Optimizations in this area (if still required) would be of general benefit
for mmap. So just speed up mmap()) and generally TCP/IP (less buffer
copies).

THE ONLY possible advantage of a copy_file I can see is in the case where
it is possible to setup the ip headers on the network card, make the
hostadapter write it's data directly to the network card (which means the
adapter has to split the bytestream s.t. it nicely fits into IP/ethernet
packets, someone add the necessary IP headers in between (hmm. either the
network adapter is smart enough or the kernel has to stop the SCSI
adapter, initiate a new IP packet and restart the adapter => slow as
hell).

All in all, a big mess, if possible at all on PC hardware (and certainly
it will only work with certain SCSI/network card combinations). Easy on a
real workstation where the network card is as expensive as a PC, but
contains a CPU and does all IP protocol stuff.

[ I still like to tell the story of an RS6000 here routing between two
ethernets. We made a complete reinstall of the system, low-level formatted
the harddisk, but never power-cycled it, and did not reconfigure the 2
ethernet cards during the reinstallation (except for the final reboot).
And the 2 ethernet cards continued to route between those nets during all
the time even with no OS running on the machine at all. ]

I strongly doubt that NT will be able to do such a interface to interface
copy.

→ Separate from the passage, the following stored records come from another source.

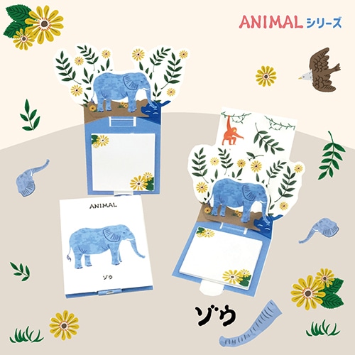 開くと"ゾウ"が飛び出すしかけつきふせん。 付箋は花・植物デザインになっており、仕事場でも日常でも使いやすいデザインで、使わない時も飾って楽しめるかわいさと遊び心が詰まった商品です。
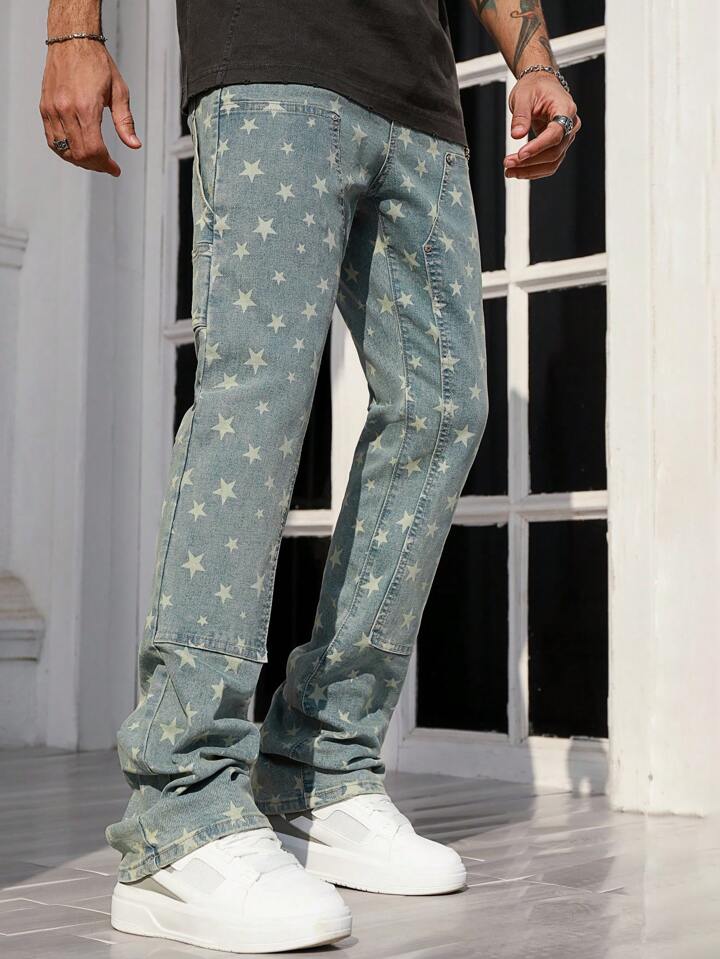 Street Life Men's Star Pattern Layered Skinny Fit Flared Leg Jeans, Streetwear Style
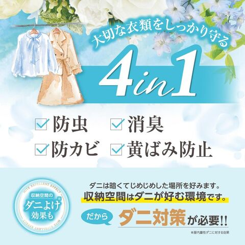◆せんいの防虫に加え、気になるダニを収納空間内に寄せつけにくくします。(ピレスロイドの効果)
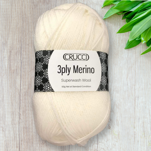 Crucci 3Ply Merino Pure Wool Super Wash.
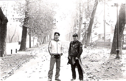 Otoño del 2004. Marcelo y Carlos me enseñan Santiago y derivamos al inefable Parque Forestal, bordeando el Rio Mapocho. Carlos toma las dos cámaras. la del Marcelo y la mia, y tira la misma foto. Dos pigmentaciones, dos estados de ánimo.
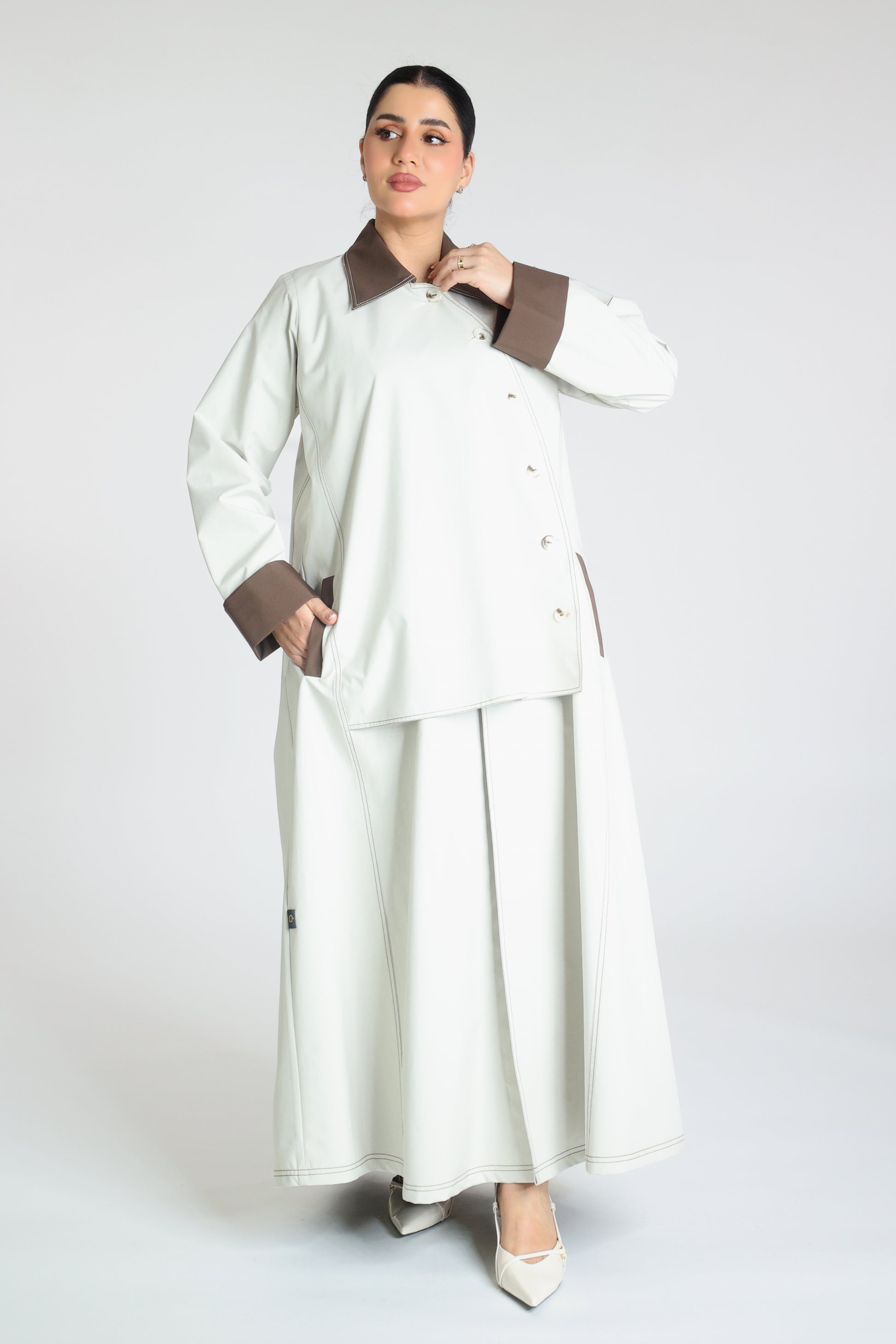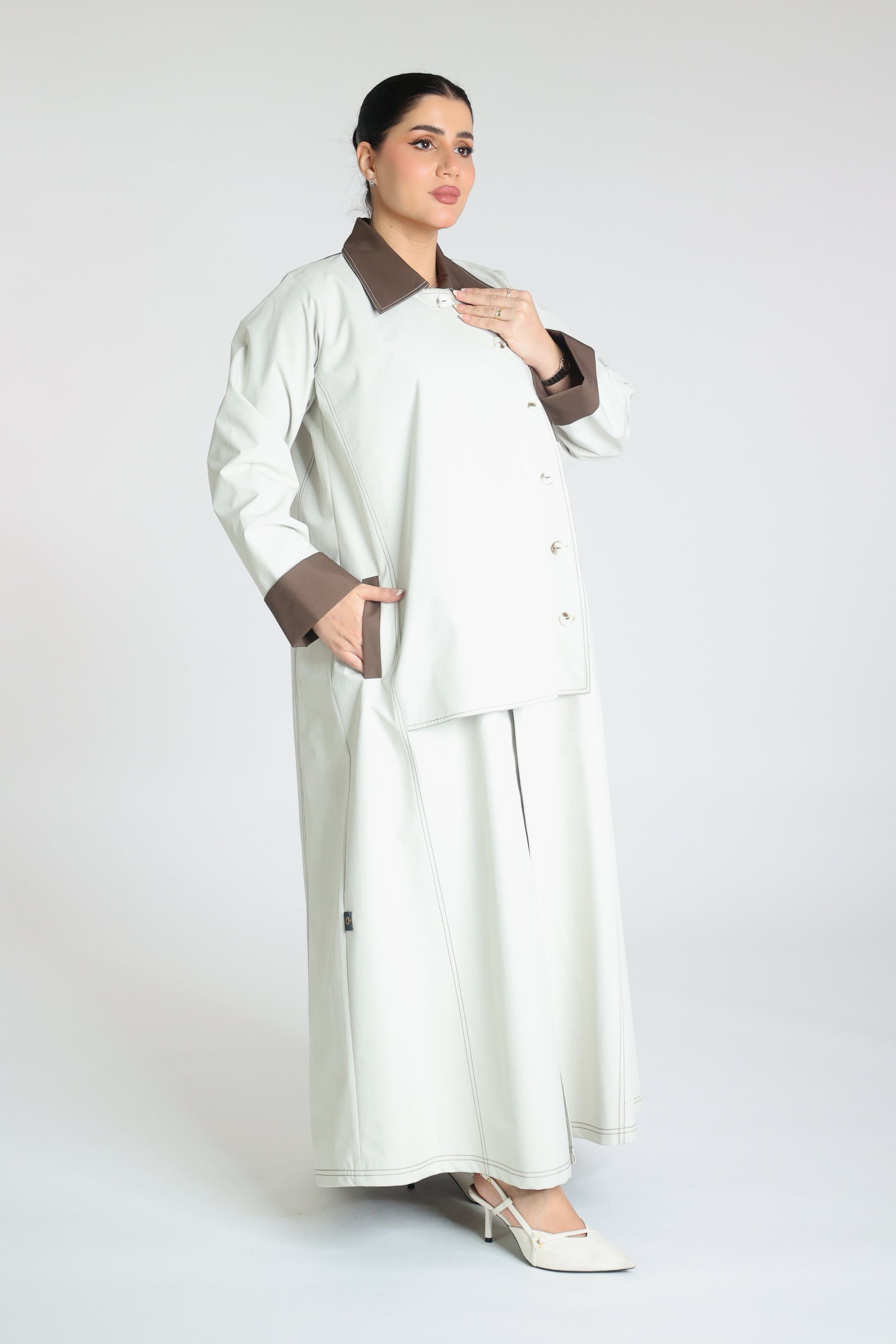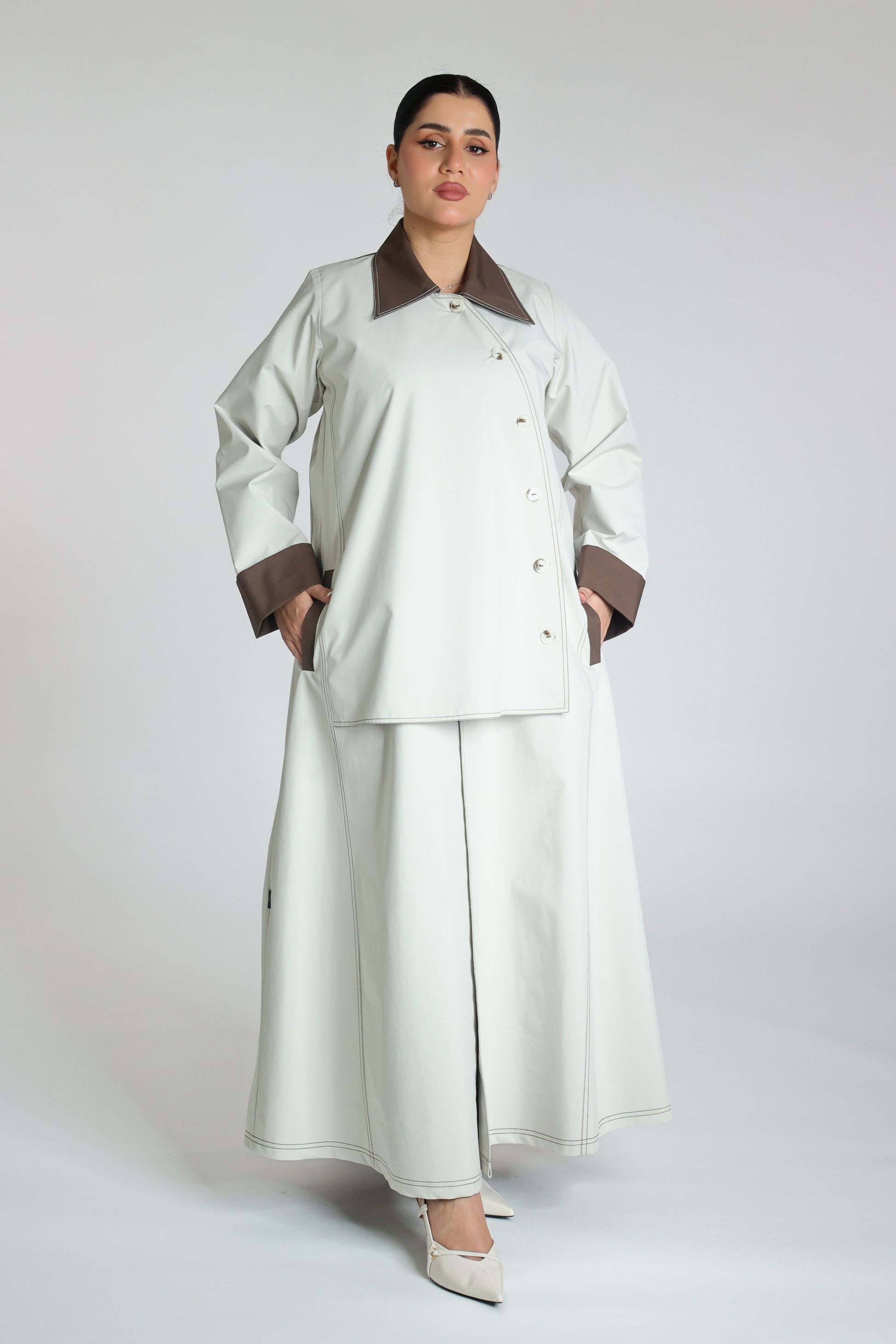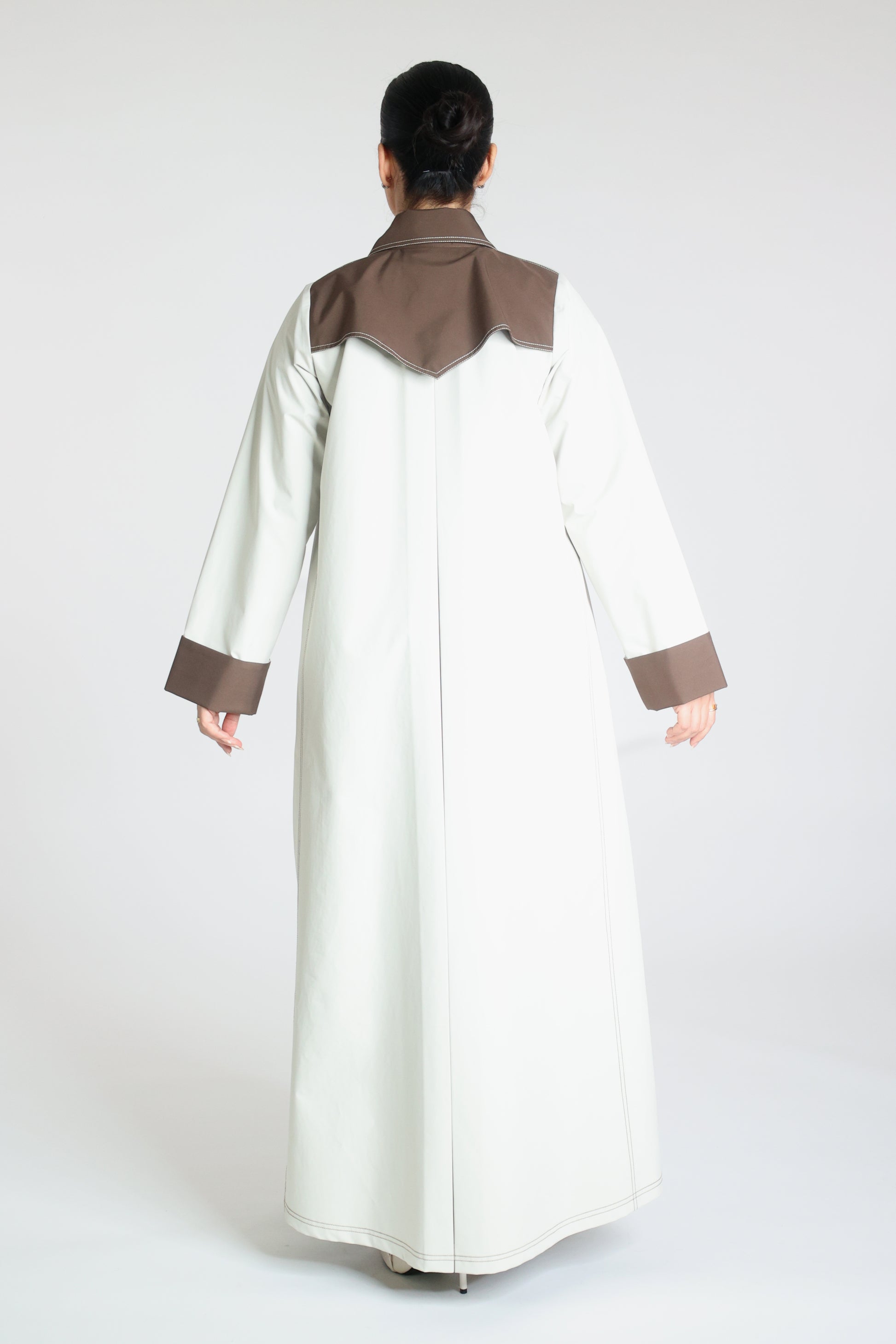 Abaya made from beige trench coat fabric with a collar and brown buttons and a pleat at the back; practical and elegant.
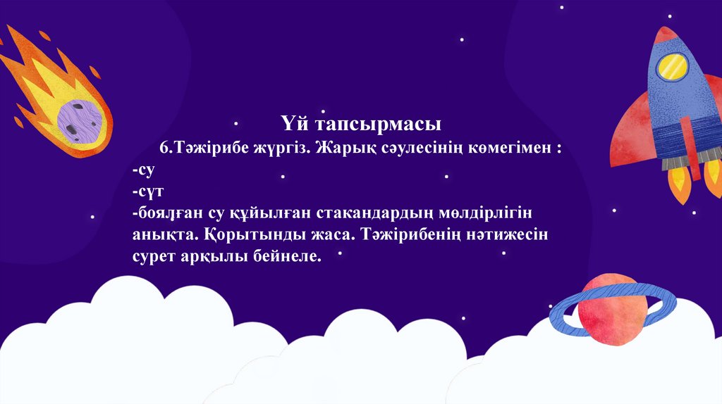 Үй тапсырмасы6.Тәжірибе жүргіз. Жарық сәулесінің көмегімен :

Esp. because the two propietary and third party drivers would need
to interact very closely (and because PC hardware is too dumb).

> The mmap trick looks like it's one technique that could be used to
> impliment a Linux copy_file call, rather than a complete substitute
> for such a call.

I can not follow you here. The only point is that copy_file() is simpler
to implement and optimize as the much more flexible mmap() is. I think
this is actually the point here. It is a very limited function to
implement with few efforts and can be used as marketing gig for a very
specific kind of application, thus perfect for NT.

copy_file() cannot create memory from magic. If the file does not fit into
memory it has to be reread from the disk again and again. There's no way
to avoid that. (Now a clever buffer strategy might decided to keep some
part of the file in memory and only reread the rest, instead of rereading
all of the file. Again, this applies to mmap too.)

Maybe m_advise need to be improved (or implemented, if not yet done) to
set a nice buffer strategy for such a case. (again, this would of general
benefit).

There's only one problem: Virtual Addressspace. You can do that only when
the file is less than 4GB large (minus space for lib and program and some
data and kernel; probably just make it 2GB). But then you could still mmap
and munmap it (loosing some performance because the read_ahead will come
out of sync. Well, that should be ok every few 2GB). Also, such big files
create quite a bunch of other problems which are not solved with NT as
well.

Just my thoughts,
Michael.

(eowmob@exp-math.uni-essen.de or eowmob@pollux.exp-math.uni-essen.de
Please do not use my vm or de0hrz1a accounts anymore. In case of real
problems reaching me try mat42b@spi.power.uni-essen.de instead.)